- **TO DO**
The material below holds a span beginning at the line with "NOVI VINODOLSKI, we" and ending at the line with "Een figuur op". Quote that span exactly, both ends included, and only that span.

[RECORD EXTRACTS — start]

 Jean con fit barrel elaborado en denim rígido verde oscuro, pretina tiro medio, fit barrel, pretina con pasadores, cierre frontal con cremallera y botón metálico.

[RECORD EXTRACTS — finish]
[RECORD EXTRACTS — start]

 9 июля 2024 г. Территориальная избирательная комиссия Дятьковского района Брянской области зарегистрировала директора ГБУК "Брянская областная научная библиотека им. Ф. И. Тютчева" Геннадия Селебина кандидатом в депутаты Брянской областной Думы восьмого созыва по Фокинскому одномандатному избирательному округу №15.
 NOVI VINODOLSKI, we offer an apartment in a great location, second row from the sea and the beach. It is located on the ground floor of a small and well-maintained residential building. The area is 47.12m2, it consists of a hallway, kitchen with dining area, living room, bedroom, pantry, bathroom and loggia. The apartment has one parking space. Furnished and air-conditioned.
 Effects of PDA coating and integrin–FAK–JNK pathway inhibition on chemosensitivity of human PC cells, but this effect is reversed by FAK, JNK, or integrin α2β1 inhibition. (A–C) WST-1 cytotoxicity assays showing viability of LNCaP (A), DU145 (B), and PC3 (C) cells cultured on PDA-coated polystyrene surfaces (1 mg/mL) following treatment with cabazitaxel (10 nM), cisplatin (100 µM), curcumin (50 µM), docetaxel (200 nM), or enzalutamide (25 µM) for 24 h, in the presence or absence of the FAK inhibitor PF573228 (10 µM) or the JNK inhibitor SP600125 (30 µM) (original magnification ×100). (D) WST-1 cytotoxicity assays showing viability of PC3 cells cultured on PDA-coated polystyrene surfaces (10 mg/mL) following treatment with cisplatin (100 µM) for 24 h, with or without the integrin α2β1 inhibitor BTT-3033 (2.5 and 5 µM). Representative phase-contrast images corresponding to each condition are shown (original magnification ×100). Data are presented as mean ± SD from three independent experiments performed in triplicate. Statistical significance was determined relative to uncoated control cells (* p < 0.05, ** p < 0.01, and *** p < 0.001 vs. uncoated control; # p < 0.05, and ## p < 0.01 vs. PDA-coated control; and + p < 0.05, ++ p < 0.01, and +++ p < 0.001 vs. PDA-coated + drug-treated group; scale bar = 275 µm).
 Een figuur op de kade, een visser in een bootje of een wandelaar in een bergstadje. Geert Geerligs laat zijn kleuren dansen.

[RECORD EXTRACTS — finish]
[RECORD EXTRACTS — start]

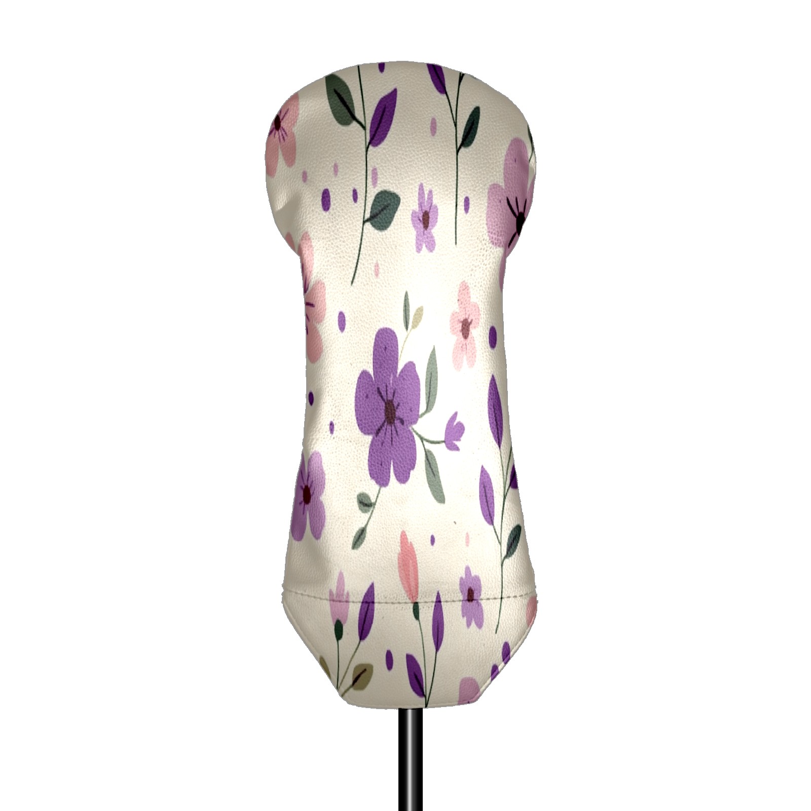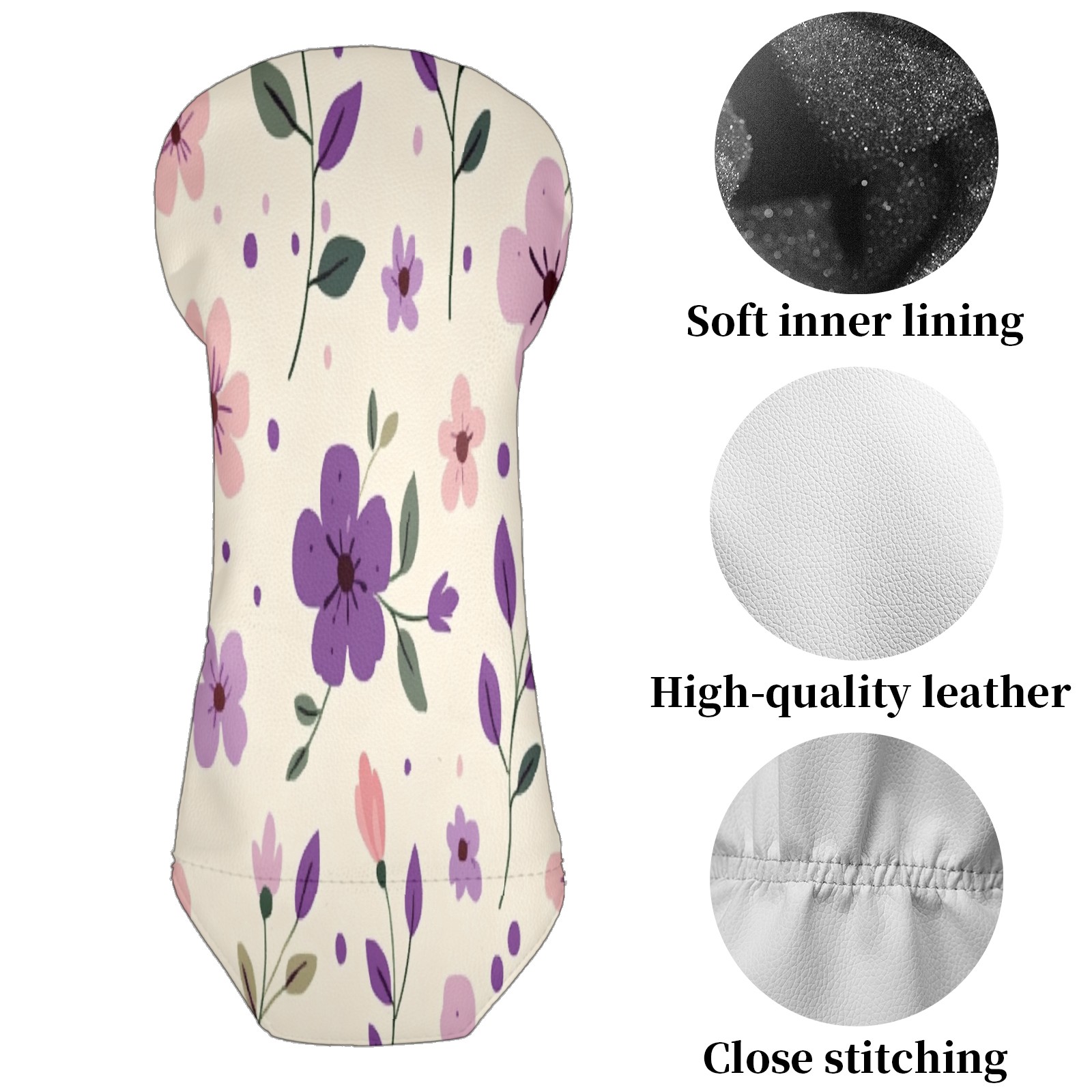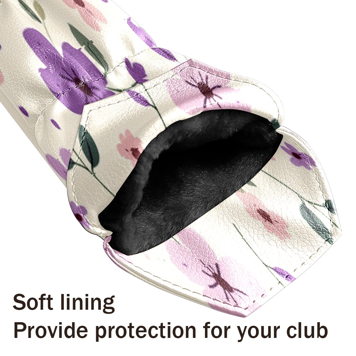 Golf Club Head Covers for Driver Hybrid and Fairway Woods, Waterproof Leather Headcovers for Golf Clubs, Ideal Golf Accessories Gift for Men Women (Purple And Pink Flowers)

[RECORD EXTRACTS — finish]

- **WRITTEN SOLUTION**
 NOVI VINODOLSKI, we offer an apartment in a great location, second row from the sea and the beach. It is located on the ground floor of a small and well-maintained residential building. The area is 47.12m2, it consists of a hallway, kitchen with dining area, living room, bedroom, pantry, bathroom and loggia. The apartment has one parking space. Furnished and air-conditioned.
 Effects of PDA coating and integrin–FAK–JNK pathway inhibition on chemosensitivity of human PC cells, but this effect is reversed by FAK, JNK, or integrin α2β1 inhibition. (A–C) WST-1 cytotoxicity assays showing viability of LNCaP (A), DU145 (B), and PC3 (C) cells cultured on PDA-coated polystyrene surfaces (1 mg/mL) following treatment with cabazitaxel (10 nM), cisplatin (100 µM), curcumin (50 µM), docetaxel (200 nM), or enzalutamide (25 µM) for 24 h, in the presence or absence of the FAK inhibitor PF573228 (10 µM) or the JNK inhibitor SP600125 (30 µM) (original magnification ×100). (D) WST-1 cytotoxicity assays showing viability of PC3 cells cultured on PDA-coated polystyrene surfaces (10 mg/mL) following treatment with cisplatin (100 µM) for 24 h, with or without the integrin α2β1 inhibitor BTT-3033 (2.5 and 5 µM). Representative phase-contrast images corresponding to each condition are shown (original magnification ×100). Data are presented as mean ± SD from three independent experiments performed in triplicate. Statistical significance was determined relative to uncoated control cells (* p < 0.05, ** p < 0.01, and *** p < 0.001 vs. uncoated control; # p < 0.05, and ## p < 0.01 vs. PDA-coated control; and + p < 0.05, ++ p < 0.01, and +++ p < 0.001 vs. PDA-coated + drug-treated group; scale bar = 275 µm).
 Een figuur op de kade, een visser in een bootje of een wandelaar in een bergstadje. Geert Geerligs laat zijn kleuren dansen.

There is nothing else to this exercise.